(Data for analysis begins)

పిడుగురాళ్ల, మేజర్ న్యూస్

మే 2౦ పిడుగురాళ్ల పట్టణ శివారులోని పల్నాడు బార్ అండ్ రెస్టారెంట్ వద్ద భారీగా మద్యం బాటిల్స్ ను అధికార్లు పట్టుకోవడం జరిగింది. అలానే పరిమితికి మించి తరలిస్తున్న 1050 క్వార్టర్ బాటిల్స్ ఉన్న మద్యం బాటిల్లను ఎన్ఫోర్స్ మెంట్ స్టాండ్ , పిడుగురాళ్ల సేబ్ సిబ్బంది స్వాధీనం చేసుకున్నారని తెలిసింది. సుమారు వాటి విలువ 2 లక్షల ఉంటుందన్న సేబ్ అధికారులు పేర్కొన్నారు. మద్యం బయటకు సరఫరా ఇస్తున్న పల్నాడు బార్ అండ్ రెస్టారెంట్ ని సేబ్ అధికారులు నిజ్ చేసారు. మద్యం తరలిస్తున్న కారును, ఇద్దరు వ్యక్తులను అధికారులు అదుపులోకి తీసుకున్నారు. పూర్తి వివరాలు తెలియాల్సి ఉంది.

(Data for analysis ends)
(Data for analysis begins)

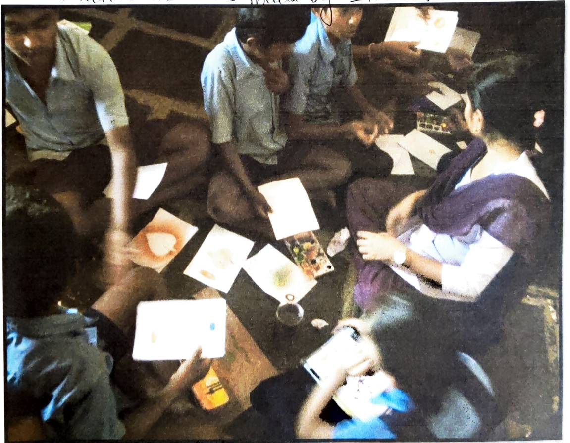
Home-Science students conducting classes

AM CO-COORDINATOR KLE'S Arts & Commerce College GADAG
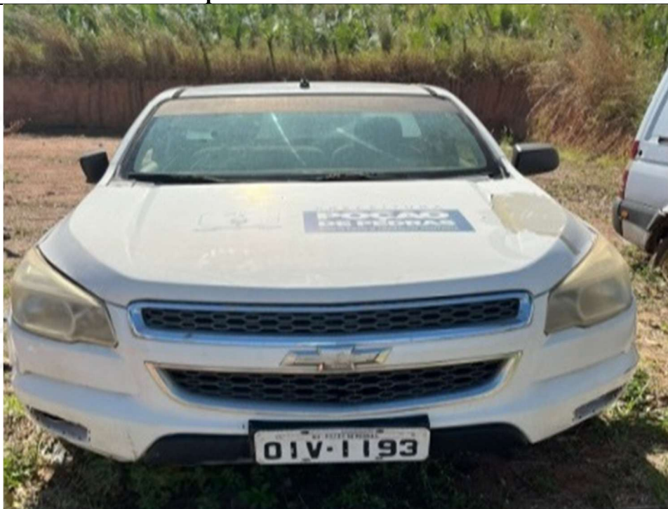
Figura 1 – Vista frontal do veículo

(Data for analysis ends)
(Data for analysis begins)

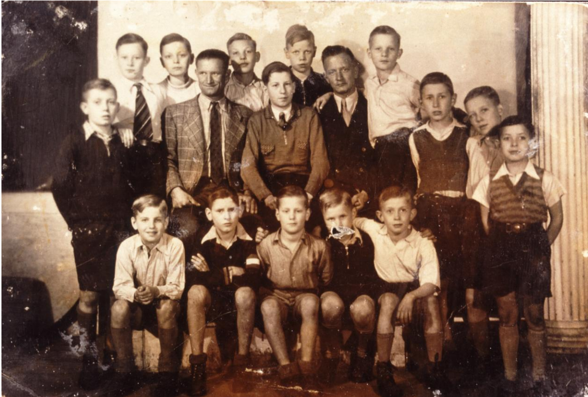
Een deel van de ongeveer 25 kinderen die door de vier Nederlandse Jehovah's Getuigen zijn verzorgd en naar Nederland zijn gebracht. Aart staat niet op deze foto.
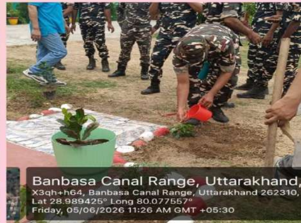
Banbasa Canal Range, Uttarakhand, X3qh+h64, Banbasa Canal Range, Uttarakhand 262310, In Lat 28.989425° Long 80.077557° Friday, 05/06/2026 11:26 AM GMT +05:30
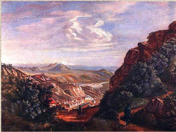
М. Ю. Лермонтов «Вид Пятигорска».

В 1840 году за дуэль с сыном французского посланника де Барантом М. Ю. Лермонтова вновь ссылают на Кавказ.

(Data for analysis ends)

*Exercise*.
What's needed is an exact copy of the lines above from the one with "Banbasa Canal Range, Uttarakhand, X3qh+h64, Banbasa" through the one with "В 1840 году", both included; the pictures stay out.

*Response below*.
Banbasa Canal Range, Uttarakhand, X3qh+h64, Banbasa Canal Range, Uttarakhand 262310, In Lat 28.989425° Long 80.077557° Friday, 05/06/2026 11:26 AM GMT +05:30
М. Ю. Лермонтов «Вид Пятигорска».

В 1840 году за дуэль с сыном французского посланника де Барантом М. Ю. Лермонтова вновь ссылают на Кавказ.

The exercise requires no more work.